The Auto-captioning feature combines some of the speech-to-text algorithms found in Google’s Voice Search, and automatically generate video captions when requested by a viewer. The video owner can also download the auto-generated captions, correct the mistakes, and then upload the corrected version. Viewers can even choose an option to translate those captions into any one of 50 different languages.
It is an amazing step in the right direction for accessibility, but in terms of execution, the beta has a long way to go before it’s useful and accurate.
When the video owner hasn’t taken the time to correct the automated subtitles, the feature is more or less useless due to its highly inaccurate translations.

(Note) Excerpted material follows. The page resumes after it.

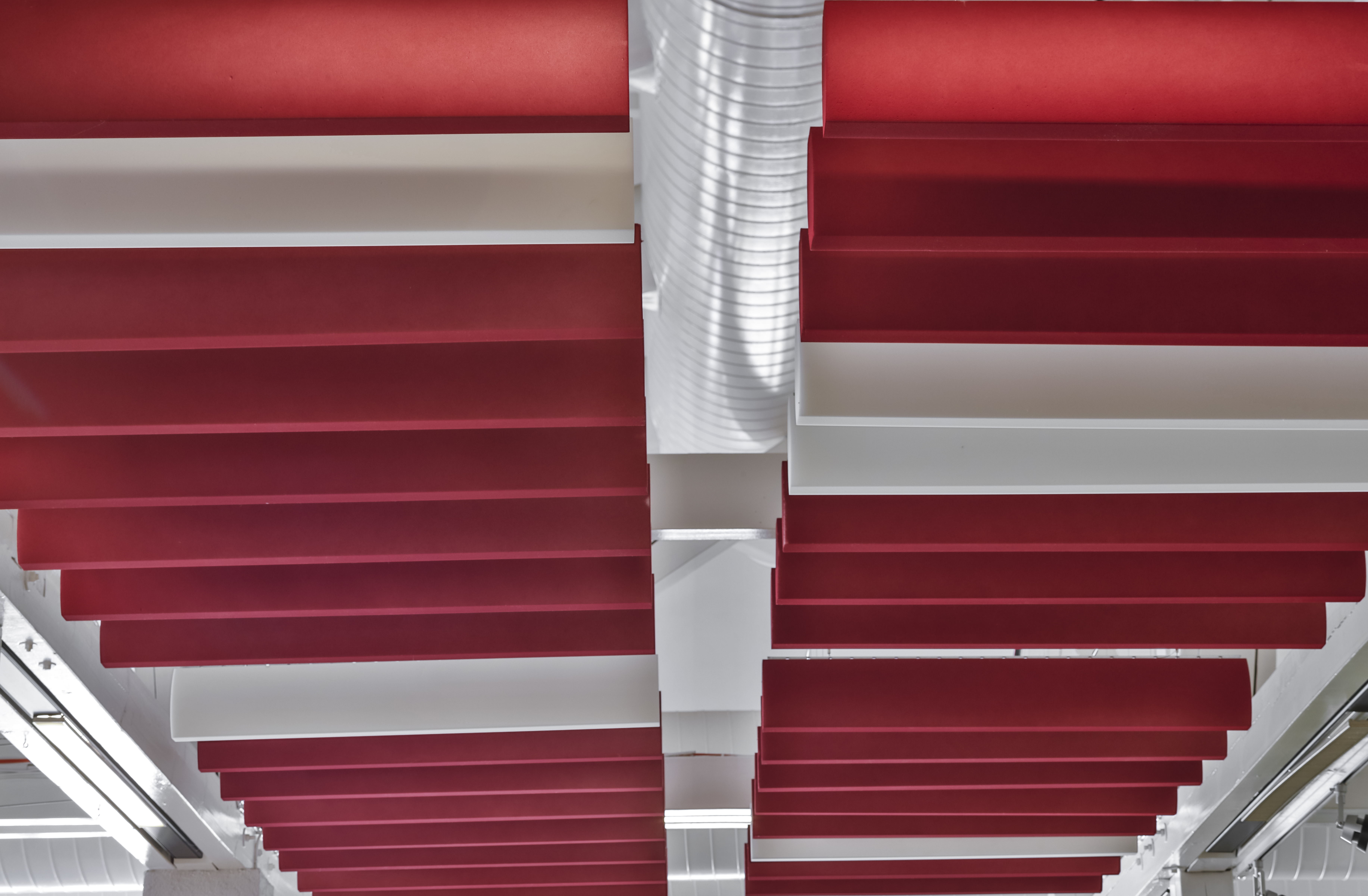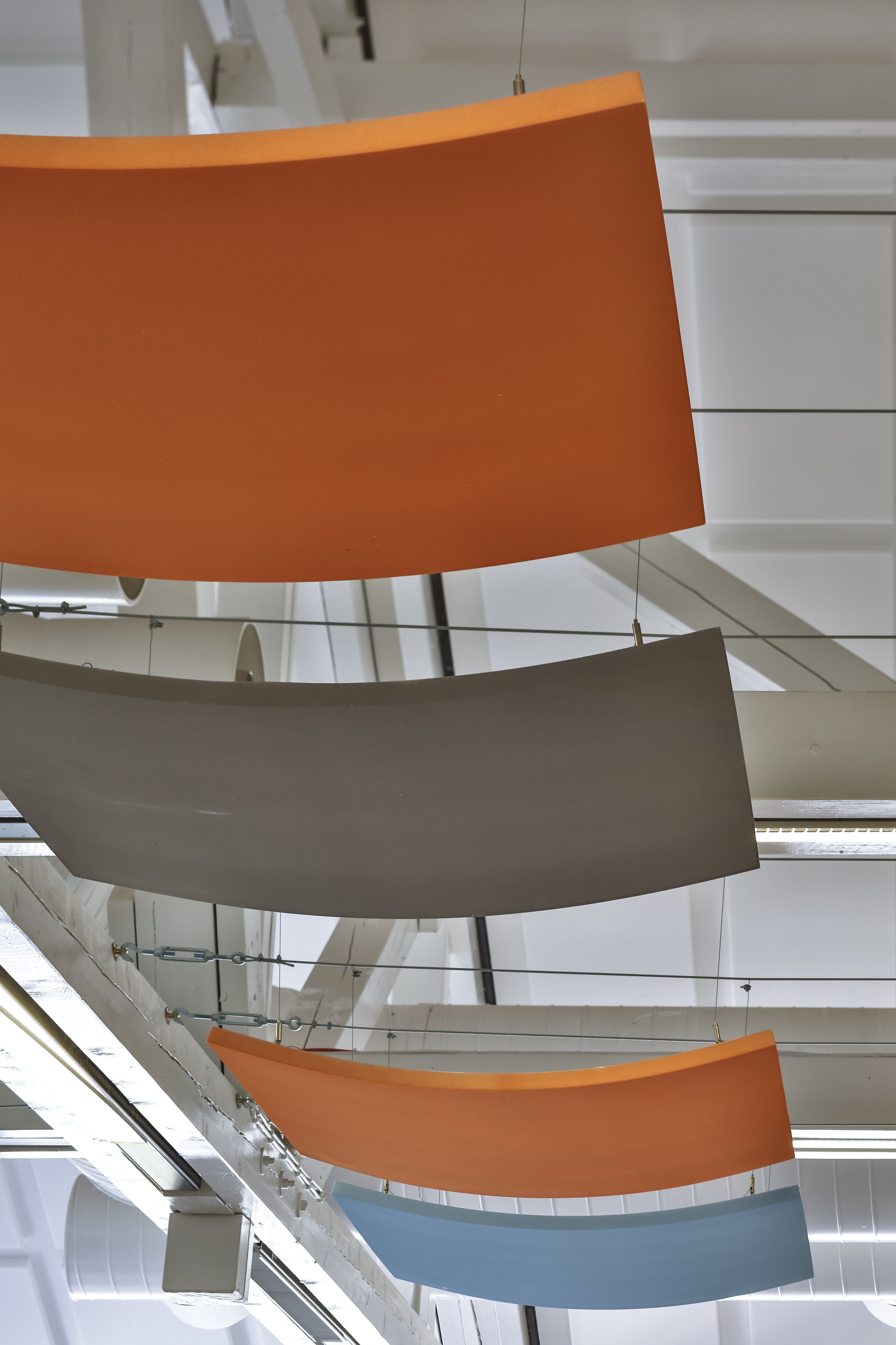 Das Gestaltungskonzept, das die Akustikmaßnahmen sehr gut veranschaulichte, beeindruckte die Verantwortlichen im Berufsbildungswerk durch die gelungene Kombination und Anordnung unterschiedlich farbiger und geformter Akustikelemente. Zum Einsatz kamen drei verschiedene Elemente aus dem CapaCoustic Melapor-System: walzenförmige Baffle, konkave und konvexe Deckensegel sowie glatte Panel. Sie alle bestehen aus einem duroplastischen, elastifizierten Weichschaumstoff auf Melaminharzbasis, der dank seiner filigranen offenzelligen Struktur den Raumschall optimal absorbiert. Die Melapor-Elemente können bis zu 90 Prozent der auftreffenden Schallenergie aufnehmen und abbauen. Sie sind in der Schallabsorberklasse A eingestuft, vergilben nicht und laden sich nicht statisch auf, weshalb sie keinen Staub anziehen. Baffle und Deckensegel werden abgehängt, die Panel dagegen – wie in Karben an den Giebelflächen – direkt bauseitig mit einem Spezialkleber verklebt. „Mit den Panels konnten wir ein optimales Preis-Leistungsverhältnis erzielen. Außerdem haben wir uns im Giebelbereich für die Panel entschieden, weil wir die offene Fachwerkkonstruktion nicht verdecken wollten“, erläutert Wolfgang Eberhard.

In my time playing with the feature, I noticed that proper nouns present some of the biggest problems to the algorithm. So tonight, just on a whim, I thought I’d test the feature’s accuracy for proper nouns. Since I work at a technology-focused publication, I find that the majority of the words that I use in articles are the names of companies and products, so recognition of these is integral.
I rifled off 41 random names, and only 14 were transcribed correctly, while 27 were transcribed incorrectly. Have a look:
It can do a lot of good for hearing impaired YouTube users, but only right now if video owners make a concerted effort to proofread and update their subtitles. If you’re a frequent uploader of content, this feature will prove very useful with conscientious tweaking.